State of accumulation: liquid

Researchers from the Weizmann Institute were able to observe for the first time the creation of an excitonic liquid

When we lose something, the lost entity is still in some way in our memory. In a sense, this memory gives the lost being a kind of deprived existence. This phenomenon is well known in the world of psychology and in the field of physiology ("phantom sensation"), but in fact it also takes place in the material world. Thus, for example, when electrons present in a semiconductor material "jump" to a higher energy level (as a result of optical excitation), they leave behind an electron deficiency, a type of "vacuity" or "hole". This "hole" acts and behaves as a material entity for everything and carries a positive electric charge, which is the opposite of the negative electric charge of the electron. In certain situations, the electron that jumped to a high energy level may move around the "hole" that it itself left behind. The "hole", which has the positive electrical charge, functions as a kind of nucleus for the atom called "exciton". But unlike atoms in nature - the excitons only exist for the blink of an eye. The excited electron strives to "return home", and to take its former place, instead of the "hole". Indeed, naturally, it manages to return to its original place in a very short time, usually a few nanoseconds. The light emitted in the process of returning the electron to its place is used as a tool to understand the lifestyles of the excitons, which are a fertile ground for research and many applications.

If the exciton is compared to an atom, the question arises: is it possible to create more complex structures, in which many excitons participate, for example, a crystal or a liquid of excitons?

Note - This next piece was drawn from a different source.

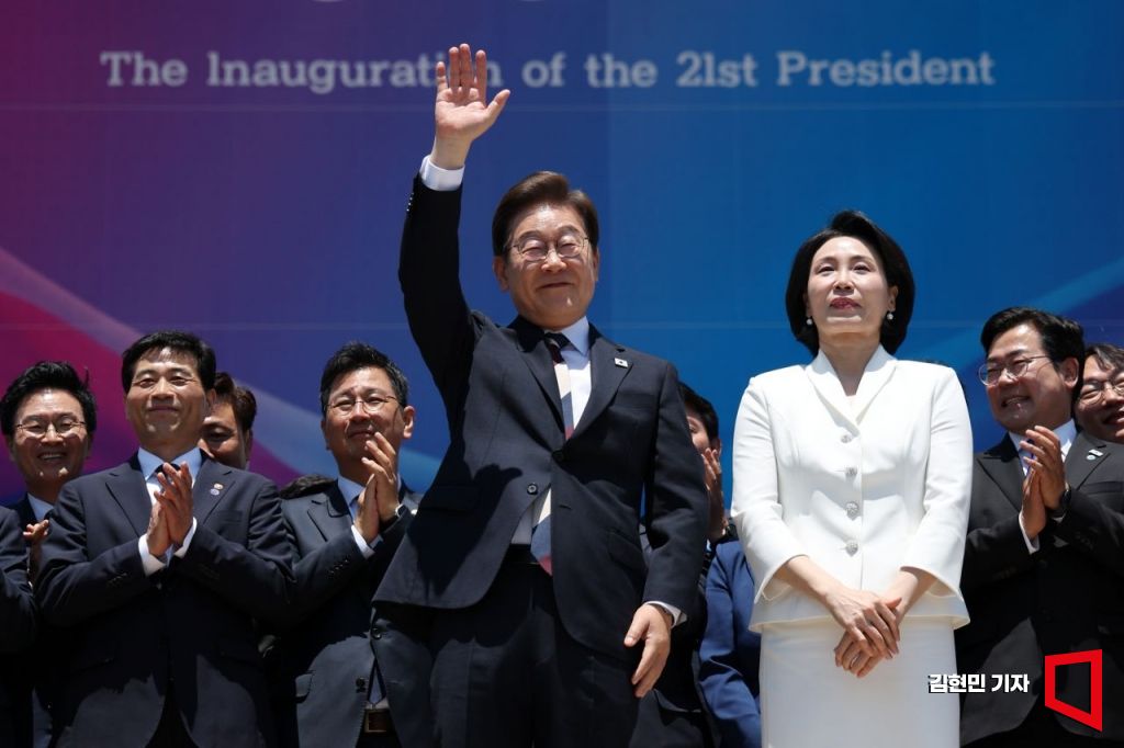 이재명 대통령이 취임선서식을 마친 뒤 잔디광장에 모인 시민들을 향해 인사하고 있다. 위 기사 이해를 돕기 위한 사진.
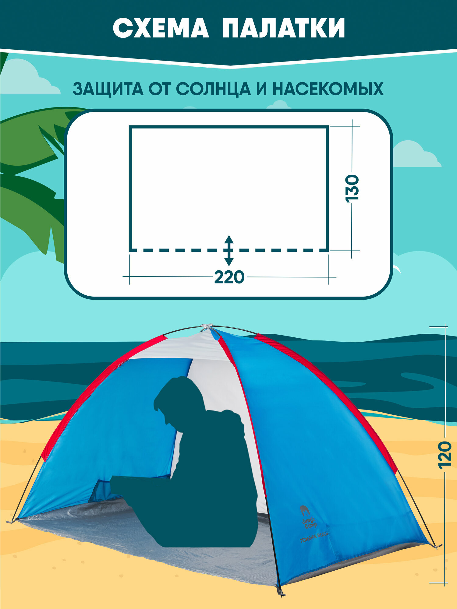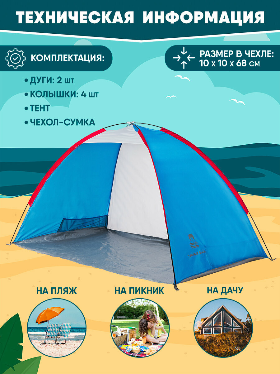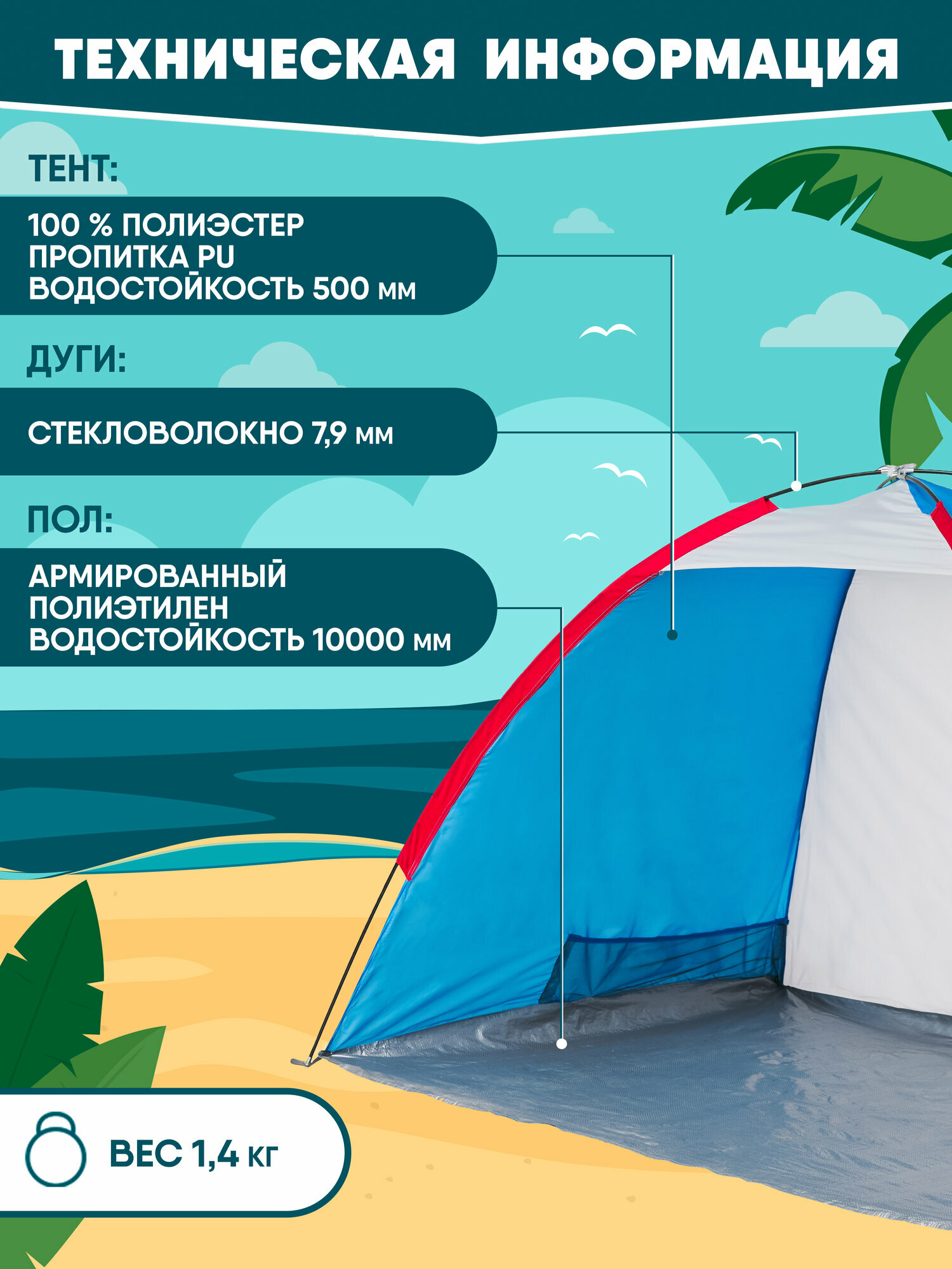 Простая и быстрая установка, Тент шатра из полиэстера, с пропиткой PU, за которым удобно укрыться от палящего солнца, Каркас выполнен из прочного стеклопластика, Дно изготовлено из прочного армированного полиэтилена, Карманы для мелочей по бокам тента, Растяжки и колышки в комплекте.

Prof. Israel Bar-Yosef, from the Department of Condensed Matter Physics, together with Dr. Michael Stern and Dr. Vladimir Umansky, faced this challenge. The three were able to observe for the first time the creation of an excitonic liquid, and the results of this research were recently published in the scientific journal Science. The initial difficulty, which usually prevents the creation of complex structures of this type, is the short lifetime of the excitons. They disappear very soon after their formation, in fact immediately after, so it is impossible to create a high density of excitons, which is necessary to create a liquid. To extend the lifetime of the exciton and preserve it for a longer time, the researchers used multilayer structures built of thin layers, each a few tens of atoms thick.

Growing structures of this type is one of the areas of specialization of the Submicron Center at the Weizmann Institute of Science. With this method it is possible to create a "quantum well", which contains the electrons (and "holes") in a thin layer. When you create a structure of two quantum wells very close to each other and apply an electric field to it, you can cause the electron to be in one layer, and the "hole" - in the adjacent layer. In this state, the two still feel their mutual electric attraction, and are able to create an exciton, but their union is more difficult, since they are separated in space. This is how the scientists were able to create excitons whose existence time is very long, when the strength of the electric field that is applied to the system (and affects the distance between the electron and the "hole") is used as a tool to control this time.

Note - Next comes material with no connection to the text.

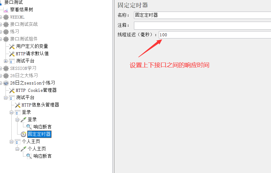 间的响应速度时,我们可以通过设置固定计时器的方法啦设置它们之间的相应时间;我们还需要编写断言,有两种方式,一
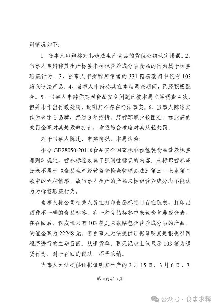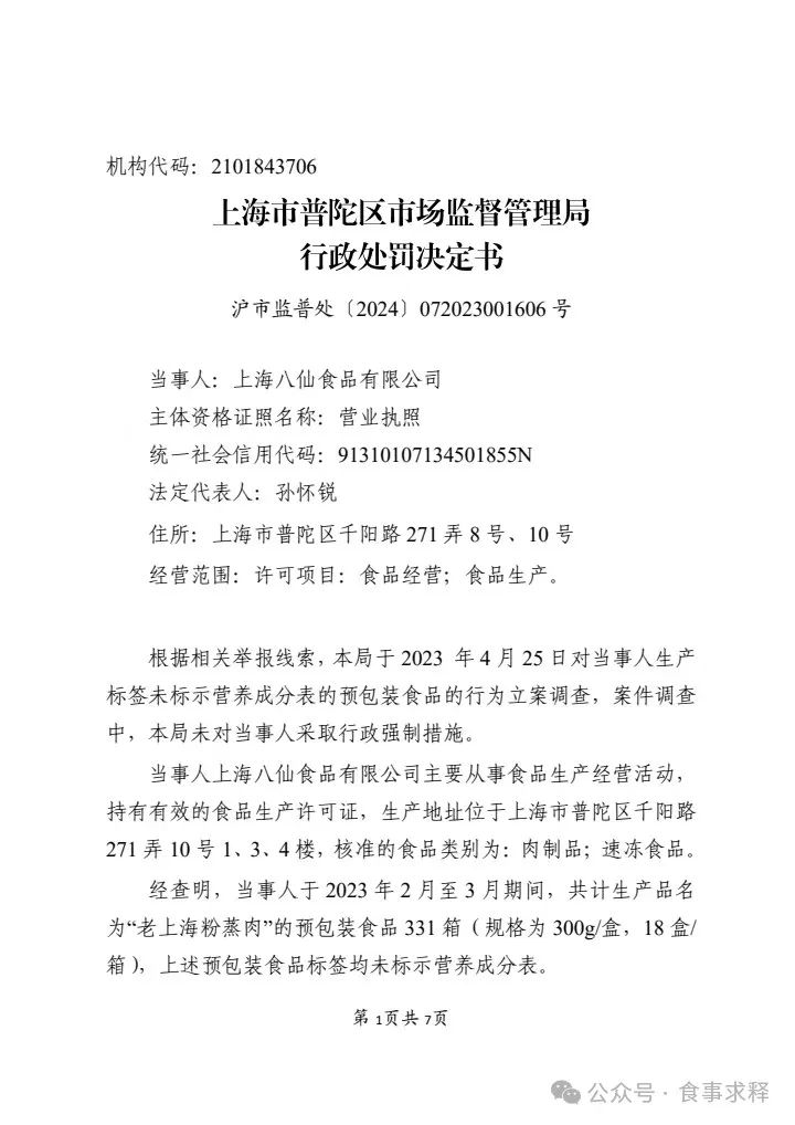 上海市普陀区市场监督管理局发布的行政处罚决定(沪市监普处〔2024〕072023001606号)显示,2023年2月至3月期间,上海八仙食品有限公司生产了名为“老上海粉蒸肉”的预包装食品331箱(规格为300g/盒,18盒/箱),上述预包装食品标签均未标注营养成分表。

Upon cooling the system to a low temperature and increasing the density of the excitons, the researchers observed a sharp transition (occurring at a temperature and density lower than the critical ones), in which the system is divided into two regions: a "gaseous" region, in which the excitons move randomly relative to each other, and a "liquid" region - in which their movement organized. The liquid observed in the laboratory is different from the liquids known in nature. Normally, crystals and liquids are formed as a result of the existence of attractive forces acting between atoms at close distances, but here the situation is reversed: the excitons repel each other, since the repulsive forces between electron and electron and between hole and hole (which are in the same layer) are slightly greater than the attractive forces acting between electrons and holes (found in different layers). The weak residual repulsion means that the excitons are positioned at equal distances - approximately - from each other, and together form an ordered dynamic structure, similar to a liquid state of aggregation.